I welcome my hon. Friend to her place. She is absolutely right to highlight just how much damage the Conservatives’ recklessness in 2022 caused to families in North Warwickshire and beyond. The decisions of Conservative Ministers unleashed economic turbulence that pushed up people’s mortgages and made people across Britain worse off. Our new Government will hardwire Budget responsibility into Government with our new fiscal lock in the Budget Responsibility Bill, which will make sure that the disaster we saw nearly two years ago can never happen again.
The living standards of nearly 50,000 pensioners in Malvern Hills district and Wychavon district are going to deteriorate very sharply this winter in the face of a 10% increase in their energy bills and no winter fuel allowance. Many of those pensioners have incomes just above the pension credit threshold, and many are too frail and too old to work. Yet within the first few days of coming into office, the Chancellor managed to spend over £22 billion very quickly by setting up Great British Energy and a national wealth fund, and by giving in to the pay demands of her party’s union paymasters. Is it not the case that this Chancellor has made the chilling political choice to balance the books of this country on the very frailest shoulders?
I am disappointed that the hon. Member is talking down essential investments that we have made in our country’s future. She also seems to be confused: there is a £22 billion black hole because of the unfunded spending commitments made by the Conservative party when it was in government. But she makes an important point about protecting pensioners, which is why it is so important to ensure that all those pensioners who are eligible for pension credit take it up, and I look forward to her support in making sure that they do so.
Statistics from the Trussell Trust published today show that half of people on universal credit ran out of money and could not afford to buy food before the end of the month. What prospect do those people have of an increase in their living standards? The reintroduction of the household support fund is welcome, but what steps is the Treasury taking to make sure that people do not go hungry this winter?

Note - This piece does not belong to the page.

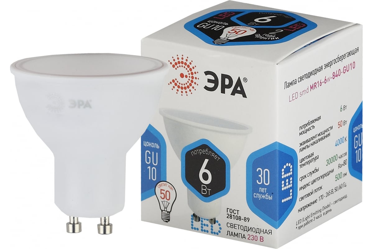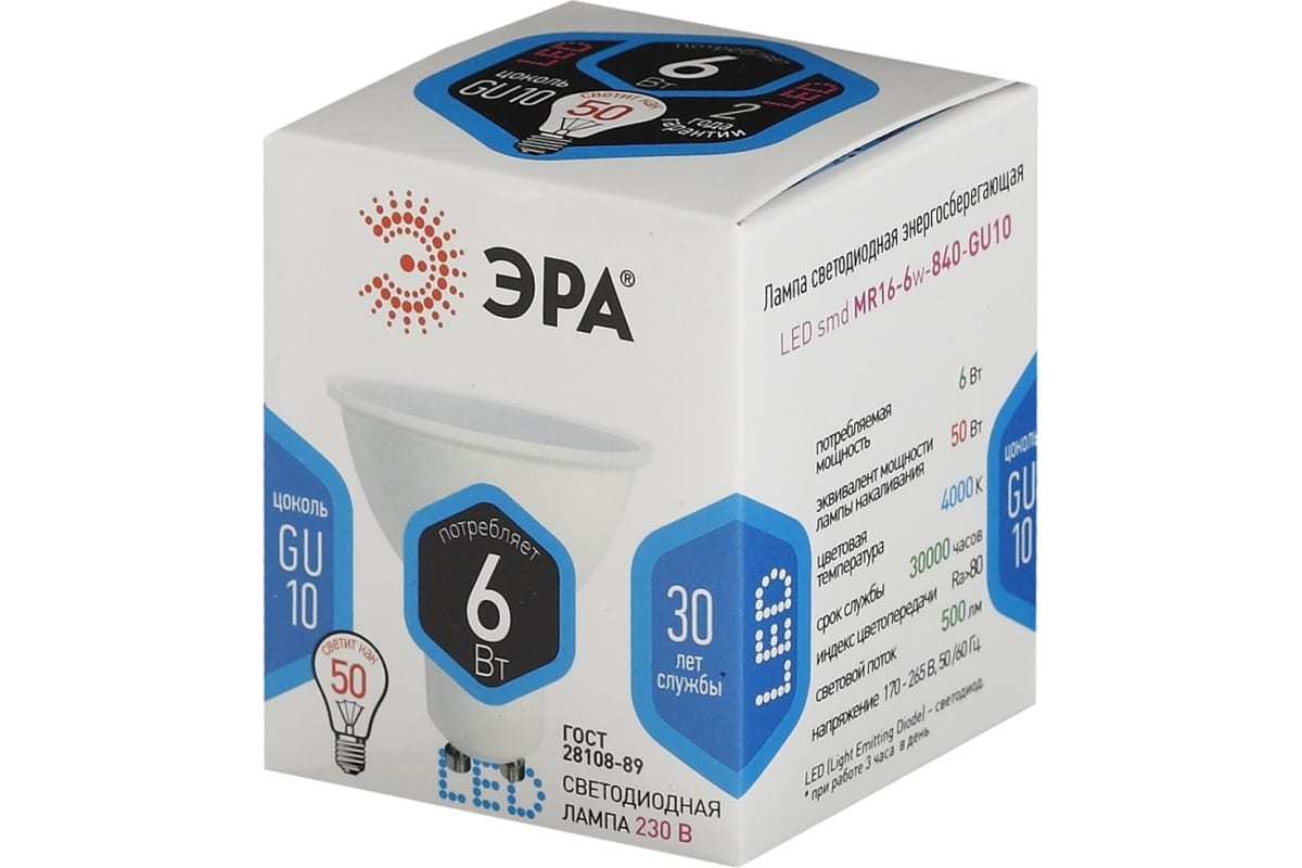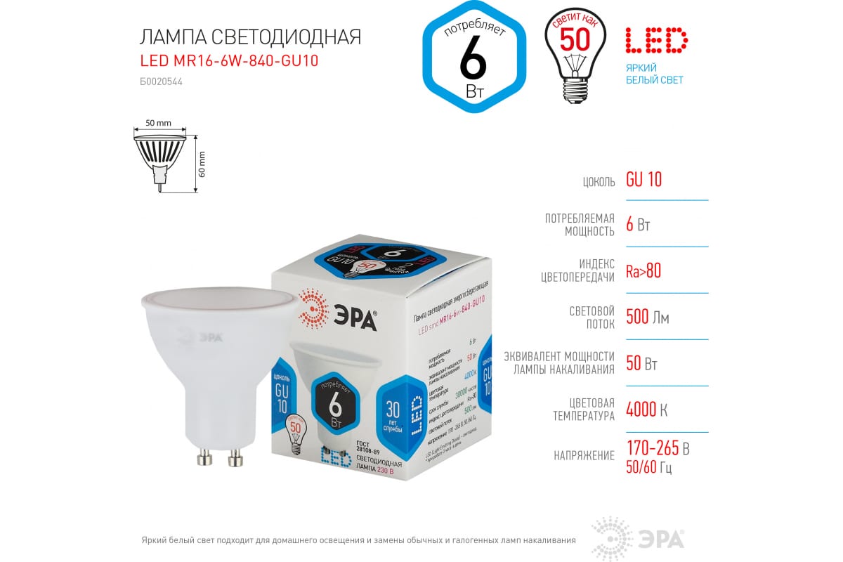 Технические характеристики ЭРА LED smd MR16-6w-840-GU10 Б0020544

As the hon. Member rightly points out, the Government are providing £500 million to extend the household support fund in England for another six months, and that will include Barnett consequentials. That is an important measure to help people in the months ahead, but the crucial way to increase people’s living standards and tackle the cost of living crisis in the longer term is to get the economy growing. We have spoken at length about the measures that we have already taken as a new Government—from planning reform and the national wealth fund to Great British Energy. All that is about getting the economy growing, because that is the sustainable way to make people better off and to invest in our public services.
Means-testing the winter fuel payment increases the burden on many vulnerable people and reduces their living standards. Unlike the Scottish Government, who have many statutory constraints on their budgets, the Chancellor’s fiscal rules are entirely self-imposed. Does the Minister think that sticking to the Chancellor’s fiscal rules is more important than the health and wellbeing of pensioners?
Let me be clear: if we do not have fiscal responsibility—if we do not stick to fiscal rules—we will lack the economic stability that is so crucial to getting the economy growing and ensuring that people across Britain are better off. We must return stability and fiscal responsibility to our country following the Conservative Government’s record. We saw what happened when they lost control of the public finances and made unfunded spending commitments. We need to ensure that that never happens again, which is why we are hardwiring fiscal responsibility into the future of government through our new Budget Responsibility Bill.